The generated expression can be evaluated to return the new list:
scm> (eval (comp '(+ x 3) 'x '(list 1 2 3)))
(4 5 6)
However, comp returns a Scheme expression that must be evaluated to get the new list, whereas map returns the new list immediately.
Complete the implementation of comp below per the description and the doctests:
(define (comp item-call-expr item items)
`(begin (define (comp-helper old-lst)
(if (null? old-lst)
nil
(begin (define ,item _____(a)_____)
(cons _____(b)_____ (comp-helper _____(c)_____))))))
(comp-helper _____(d)_____)))
; (expect (eval (comp '(+ x 3) 'x '(list 1 2 3))) (4 5 6))
; (expect (eval (comp '(* y 2) 'y '(list 1 2 3))) (2 4 6))
Answers
Bind item (the loop variable symbol, e.g. x) to the head of the current list via (car old-lst).
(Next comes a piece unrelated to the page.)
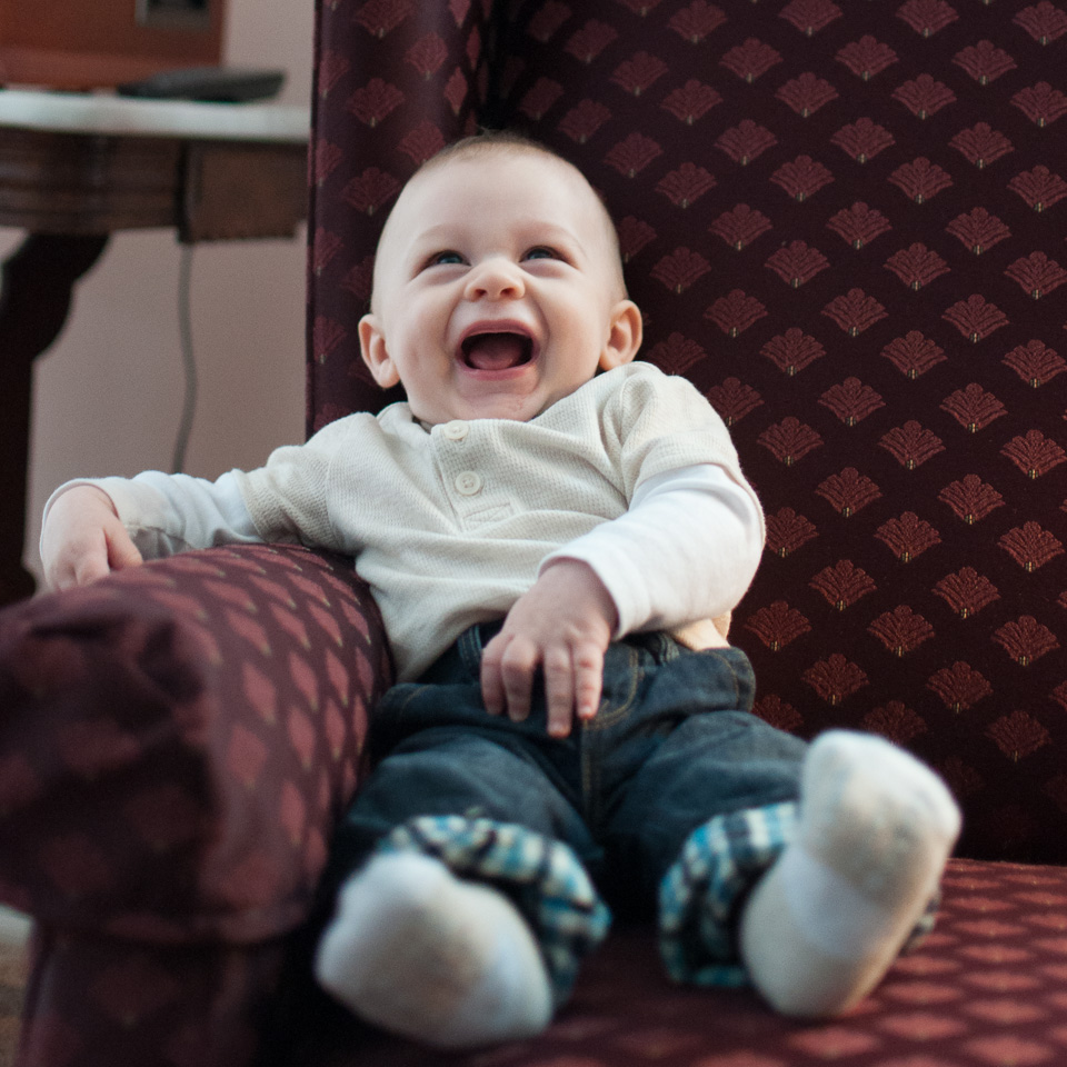 Sitting and smiling

The ,item in (define ,item ...) unquotes the symbol so it becomes the actual variable name in the generated code.
This is the value to place at the head of the output list — the result of applying the caller's expression (e.g. (+ x 3)) to the current item. It must be unquoted (,) so the actual expression is spliced in, not the symbol item-call-expr.
| Candidate | Why wrong |
|---|---|
item | Just the raw value (no transformation applied) — gives the original list back. |
,item | The current element's value — also wrong, same issue. |
item-call-expr | Not unquoted — becomes a literal symbol in the generated code. |
Recurse on the tail of the list. Standard list recursion: process car, recurse on cdr.
Kick off the recursion by calling comp-helper with the full input list. Must be unquoted (,items) so the actual list value is inserted into the generated expression — not the symbol items.
Both (b) and (d) require a comma. The pattern: anything that should be a runtime value in the generated code needs ,. Blanks (a) and (c) are inside a define and a function call respectively — they are evaluated at runtime normally, so no extra comma is needed there.
Complete solution
(define (comp item-call-expr item items)
`(begin (define (comp-helper old-lst)
(if (null? old-lst)
nil
(begin (define ,item (car old-lst))
(cons ,item-call-expr (comp-helper (cdr old-lst))))))
(comp-helper ,items)))
How the generated expression works
When you call (comp '(+ x 3) 'x '(list 1 2 3)), comp does not compute the result — it builds and returns this Scheme expression:
(begin
(define (comp-helper old-lst)
(if (null? old-lst)
nil
(begin
(define x (car old-lst)) ; bind x to current head
(cons (+ x 3) ; apply (+ x 3)
(comp-helper (cdr old-lst))))))
(comp-helper (list 1 2 3)))
This question is exactly the quasiquote-in-macros pattern from section 06 above. The backtick builds a code template; ,item, ,item-call-expr, and ,items are the "holes" where caller-supplied values get spliced in. Every blank that needs to insert a runtime value into the generated code requires a ,.